Fraudulent investment schemes have been in the news over the past few years as unscrupulous individuals stole millions of dollars from people enticed by the opportunity to earn extraordinarily high returns on their investments. The most common form of investment fraud is the pyramid scheme.
In a typical pyramid scheme, the person committing the fraud recruits investors with the promise of returns on their investments that far exceed the returns on other investment vehicles. The originator of the scheme recruits someone to invest a fixed sum of money by giving it to the originator. The investor must recruit other people willing to pay the investor.
The scheme continues with additional people being recruited in order to pay those investors who preceded them. The fraudulent aspect of a pyramid scheme is found in the geometric shape from which it derives its name. The originator of the scheme is at the top of the pyramid with an abundance of potential investors. As more investors join the scheme, fewer potential investors exist for newcomers to recruit.
Ultimately, the vast majority of the people involved in a pyramid scheme will lose the money they invest in it. For this reason, Texas and most other states have enacted laws making pyramid schemes illegal.

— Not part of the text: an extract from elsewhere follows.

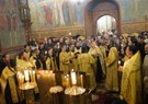 Братия, приложившись ко кресту, с чином Панагии проследовала на трапезу.
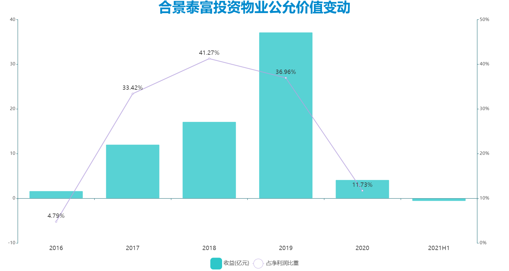 可以發(fā)現(xiàn),近幾年合景泰富“投資物業(yè)公允價(jià)值收益”總和占凈利潤(rùn)比重均有大幅增加。2020年,投資物業(yè)公允價(jià)值收益出現(xiàn)大幅下降,同比減少88.83%,僅余4.15億元,該年合景泰富錄得近十一年內(nèi)首次凈利潤(rùn)下滑。

People have devised variations on the traditional pyramid scheme in an attempt to circumvent criminal laws making it illegal. Multi-level marketing where a distributor recruits people to sell a product and profits from their sales volume is not a pyramid scheme as long as the product or service offered for sale has an intrinsic value.
A fraudulent multi-level marketing scheme occurs when the only value of the product or service is the cost charged to new people recruited to sell it. Essentially, the only way a person can make money from the product is to recruit other salespeople who pay the recruiter for the product.
Charles Ponzi operated one of the first fraudulent investment schemes in 1920 when he recruited investors with the promise of a 100 percent return on investment within three months. Ponzi did not invest the money taken from investors. Instead, early investors were repaid with money collected from new people recruited into the investment scheme.
Eventually, Ponzi ran out of new investors. One year after he began to recruit investors, Ponzi was arrested and charged with taking more than $20 million from his victims for his ponzi scheme.